After a great deal of debate, I've decided to bring this topic up in its own thread. I'm not sure how to go about this without pissing people off because such a huge number of Pens writers are guilty of this, myself included until a wonderful writer reviewed some of my work and pointed it out to me.
I'm talking about, for lack of a better term on my part, generic descriptors. The blonde, the redhead, the hacker, the Wiccan, the witch, the Watcher, the Slayer, the ex-vengence demon, the petite blonde, the construction worker, the (insert any job here), and on and on...
Why are these bad? It is a signal that we, the writer/narrator are coming through too much in the story. I'm not Hunter Thompson. I don't want the reader thinking about me. I want them thinking about Willow and Tara. I want them swimming around in their heads and hearts and feeling their emotions. Using a generic throws up a barrier that our reader doesn't want or need.
How so? Tara doesn't think of herself as "the blonde". Willow doesn't think of her that way either. She's Tara. She's her everything. By putting up that barrier, we force our reader to step back and see our characters for one or two traits only instead of as a whole, well-rounded, three dimensional person. Buffy may be the Slayer, but she isn't just the Slayer. We can display a character in their entirety by using their names. If I say "Tara" to a group of Kittens, I'll get as many different answers as there are people. Some will say "blonde" or "Wiccan", but still others will say "sweet" or "kind" or "sensuous". Her name encompasses all of her.
Now, on the other hand, these generics can be used to great affect. They can be used to show a distance between the two. This is especially affective when they first meet and are still visually new to one another. I am working on a particularly tricky scene at the moment that is too long to post, but I am using these generics to my advantage. Tara is being questioned by Willow who is a DEA agent. Tara is a radio DJ that Willow often listens to, so she has a level of familiarity with her (however distant) and constantly thinks of Tara by her name.

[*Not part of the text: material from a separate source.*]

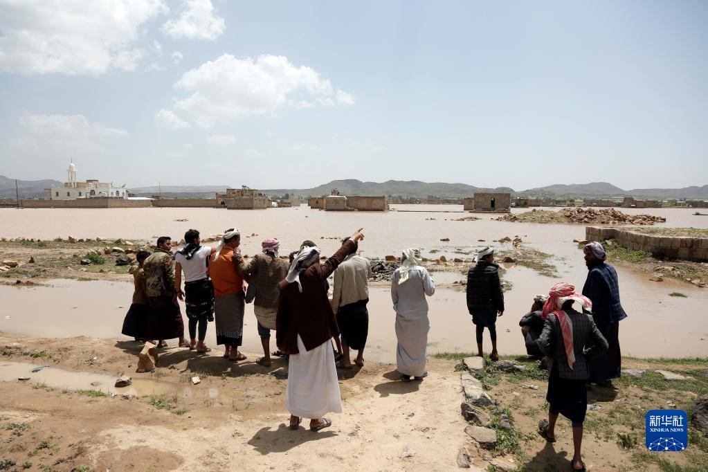 8月23日,在也门扎马尔省马巴尔地区,人们查看被洪水淹没的土地。
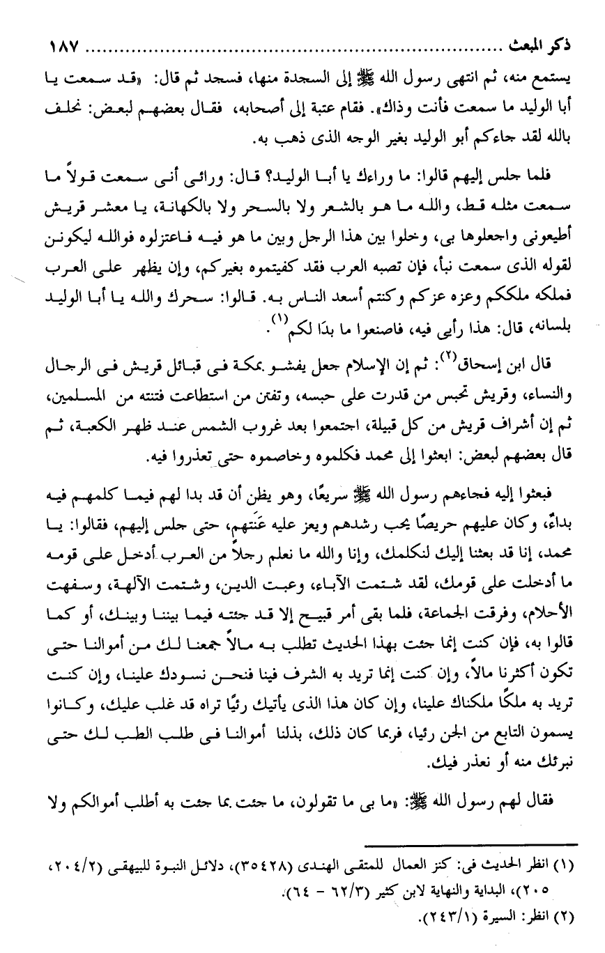 فبعثوا إليه فجاءهم رسول الله صلى الله عليه وسلم سريعا، وهو يظن أن قد بدا لهم فيما كلمهم فيه بداء، وكان عليهم حريصا يحب رشدهم ويعز عليه عنتهم، حتى جلس إليهم، فقالوا: يا محمد، إنا قد بعثنا إليك لنكلمك، وإنا والله ما نعلم رجلا من العرب أدخل على قومه ما أدخلت على قومك، لقد شتمت الآباء، وعبت الدين، وشتمت الآلهة، وسفهت الأحلام، وفرقت الجماعة، فلما بقى أمر قبيح إلا قد جئته فيما بيننا وبينك، أو كما قالوا به، فإن كنت إنما جئت بهذا الحديث تطلب به مالا جمعنا لك من أموالنا حتى تكون أكثرنا مالا، وإن كنت إنما تريد به الشرف فينا فنحن نسودك علينا، وإن كنت تريد به ملكا ملكناك علينا، وإن كان هذا الذى يأتيك رئيا تراه قد غلب عليك، وكانوا يسمون التابع من الجن رئيا، فربما كان ذلك، بذلنا أموالنا فى طلب الطب لك حتى نبرئك منه أو نعذر فيك.

I never utilize "blonde" or "DJ" or anything like that. She is always just "Tara". Tara, on the other hand, does not know nor has she ever seen or heard of Willow until a few minutes ago. Therefore, Willow is constantly described from Tara's POV as "the redhead", "the officer" or "the agent" until the very end when Willow promises to protect her. At the end, I tear down that barrier and she becomes "Willow".
But won't it get redundant using their names over and over? Isn't it redundant calling Tara a blonde throughout a story when we already know she's a blonde? Yes, some sentences may need a rewrite to keep from being redundant. But I have found those problems are easily solved and I usually end up with a better line anyway.
These words are walls around our characters. Our reader doesn't want to stand outside and look in. They want to roll around inside our characters hearts and heads and feel what they're feeling.
So let's tear away these walls and let them in.

I already know what they look like, even in AU where, as you so rightly pointed out, most of us see them as looking like AH or AB.
I will even agree that it doesn't hurt narrative flow, but only to a point. I can recall an example from a story I was reading a few months ago. It was AU, compelling, thought provoking. I was enjoying it. Then came an update with a smut scene. WHOOHOO!
But then at one point, the writer described Willow pulling off a particularly
smooth move but used a generic. It wasn't even "the redhead" which I could have overlooked, especially with good smut.
No, they used her job title.
Talk about jarring! I couldn't even bring myself to finish the update. There's just nothing like being tossed back in your seat and held at arms length by the writer.